Sunday, I woke from one of those glorious afternoon naps that only seem to happen on that particular day of the week, and very shortly felt the familiar chest pain. It quickly elevated in intensity and the pain spread down my shoulder and left arm. I sat with this set of on again-off again symptoms for about 24 hours, trying to relax, talking myself out of it being anything serious, but the hideous thing about this syndrome is that it feeds itself in a cycle of pain-anxiety-fear-pain.
Don't judge. It is something that can't be spiritualized. Trust me, I've had years of experience believing that this was simply my lack of faith. The discipline of gratitude journal writing definitely makes a dent in anxiety and fear, but it is not a silver bullet. It won't make the chest pain, palpitations, anxiety, and that vicious cycle stop.
By the next evening, I'd had enough. You can't believe what was swirling through my head.
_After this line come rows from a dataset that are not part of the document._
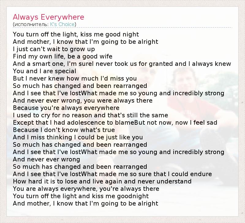 А как ты думаешь, о чем песня "Always Everywhere" ?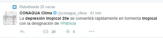 Se forma depresión tropical 20-E en el Pacífico - tuit-pati
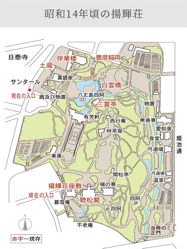 揚輝荘が建つ覚王山の丘陵地は、広さ約1万坪。池泉をめぐらすなど、起伏に富んだ地形や周囲の自然を活かすように工夫がなされています。最盛期には、歴史的・建築的価値の高い30数棟に及ぶ建物がありました。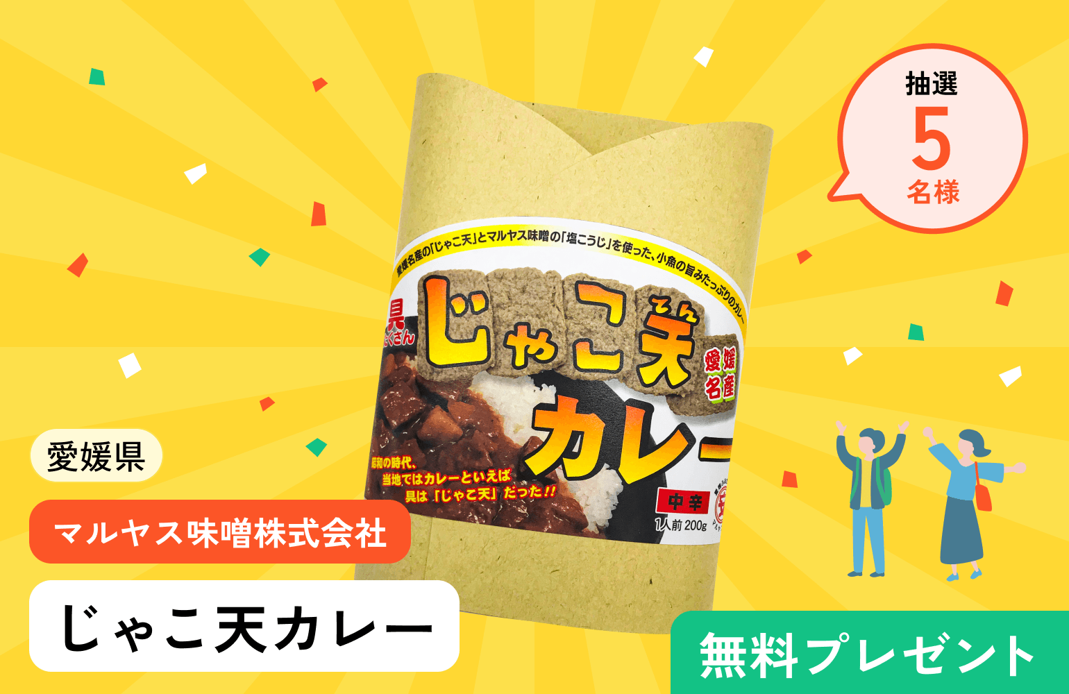 FAVTOWN会員限定で、マルヤス味噌様の『じゃこ天カレー』が当たるプレゼントキャンペーン。宇和海の名産じゃこ天を贅沢に使った、愛媛らしさ満点のご当地レトルトカレー。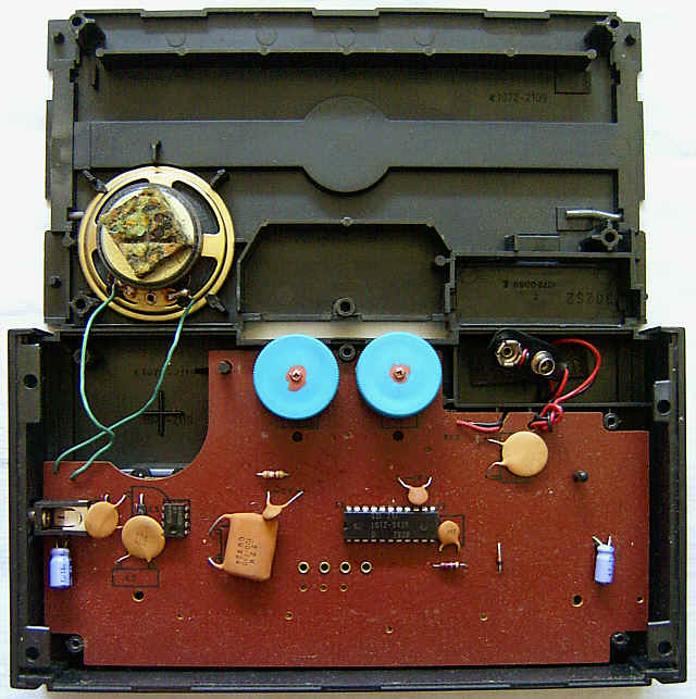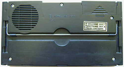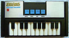 This rare toy keyboard from 1978 (embossed case bottom copyright) has 3 nice melodic squarewave rhythms with crunchy POKEY hihat. The monophonic main voice is a simple clarinet tone.
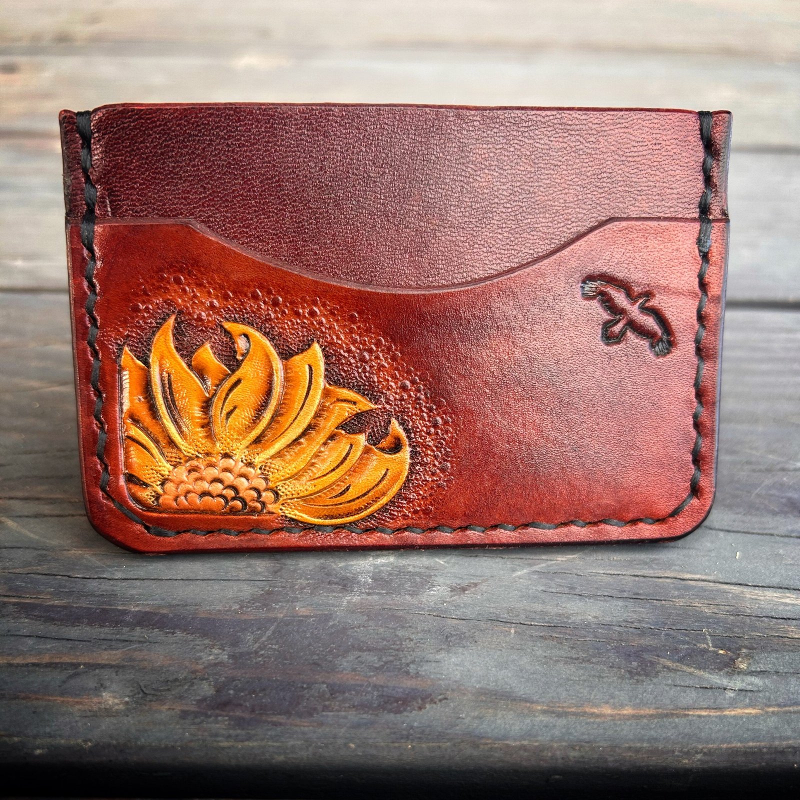 The Granite Wallet has three card slots (which can handle more cards once broken in) and a small Windy Raven logo stamped on the front pocket. The back pocket features an open center for ID.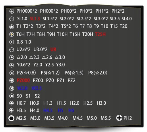 - 12 nasadek imbusowych: H0.7, H0.9, H1.3, H1.5, H2.0, H2.5, H3.0, H3.5, H4.0, H4.5, H5.0, H6.0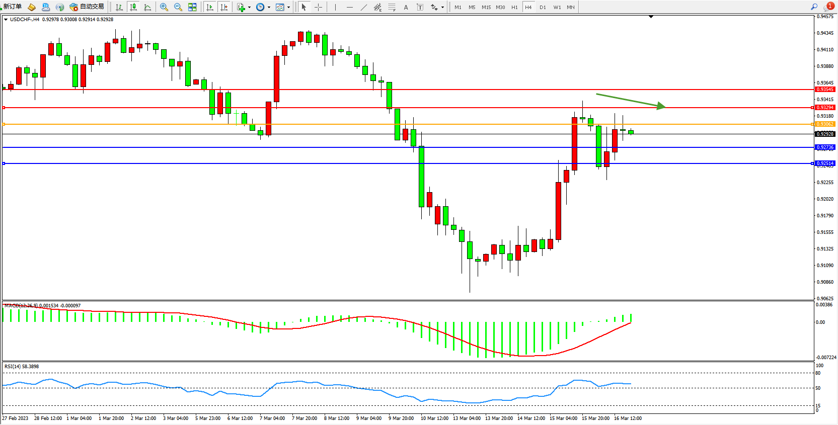 美元瑞郎USDCHF——4小时K线图显示:

Is this a heart attack? I don't want to leave here right now, but then again, that wouldn't be so bad for me to be in Paradise. The people I love that I would leave...no, I would never want them to have that kind of grief. My grandchildren. I want to know them and I want them to know me.
For cryin' out loud, get a grip. It's not that serious.
This is so painful. Not since 2004 and the months leading up to my divorce have I felt this awful. I should have it checked out. But I don't have insurance. Will this be another unbearable financial burden? I can't do this to Leland. Good gravy. Somebody should just shoot me up with some pharmaceutical knockout cocktail and come check on me in the morning.
But with that being out of the realm of possibility, I got Leland to drive me to St. Joseph's emergency department to see if this despicable mitral valve prolapse had actually progressed into something threatening. Obviously, they also thought that was a distinct possibility because the PA came in to tell me, "You're not going home," followed by multitudinous blood draws, next to no sleep that night, no food or water, and hours in nuclear cardiology and the echo lab.
All my labs were normal, I aced my stress test and the despicable MVP has not progressed. Thank God, a healthy heart.
So, I asked the cardiologist standing before me, So where is the pain coming from?
I don't know, was her answer.
My head checked in with my tired, for-the-most-part healthy body, running over the events of the previous many hours, and a weary little voice said, holy shit, you've got to be kidding me.
The dead serious (no pun intended) look on her face told me she was not. I'm looking forward to her exorbitant bill to come in the mail. She handed me her card and told me to make an appointment for a follow-up visit. I won't tell you what the weary little voice in my head had to say to that.
What have I learned?
- I need to offer my services as a consultant to nursing staff everywhere on proper phlebotomy technique. Yes, I am qualified. Over qualified. And certified.
- MVPS/Dysautonomia is still, 10 years after my last evaluation, largely misunderstood.
- I will be more conscientious than ever with my healthcare, taking extra special care of the temple.
- I can stop asking forgiveness when I experience the laundry list of symptoms associated with this syndrome. It's not my fault.
- It is highly likely that the majority of people on your Facebook friend list are not actually friends in the truest sense of the word. If the people who are on that list, including family, have nothing to say about you being in a hospital situation, you might want to get out into the real world of flesh and blood people and make some real friends (she says to that person in the mirror).
Well, that was no fun, but you know what? I'm very happy to be home, to have learned a few things, to have had a good cleansing cry, and to know I'm okay. I'm loved and I'm going to be around a while.
What does a girl do after a night and day of hospital trauma? Get a pedicure. Oh yes, shiny happy toes. Pampering for a bit was definitely in order.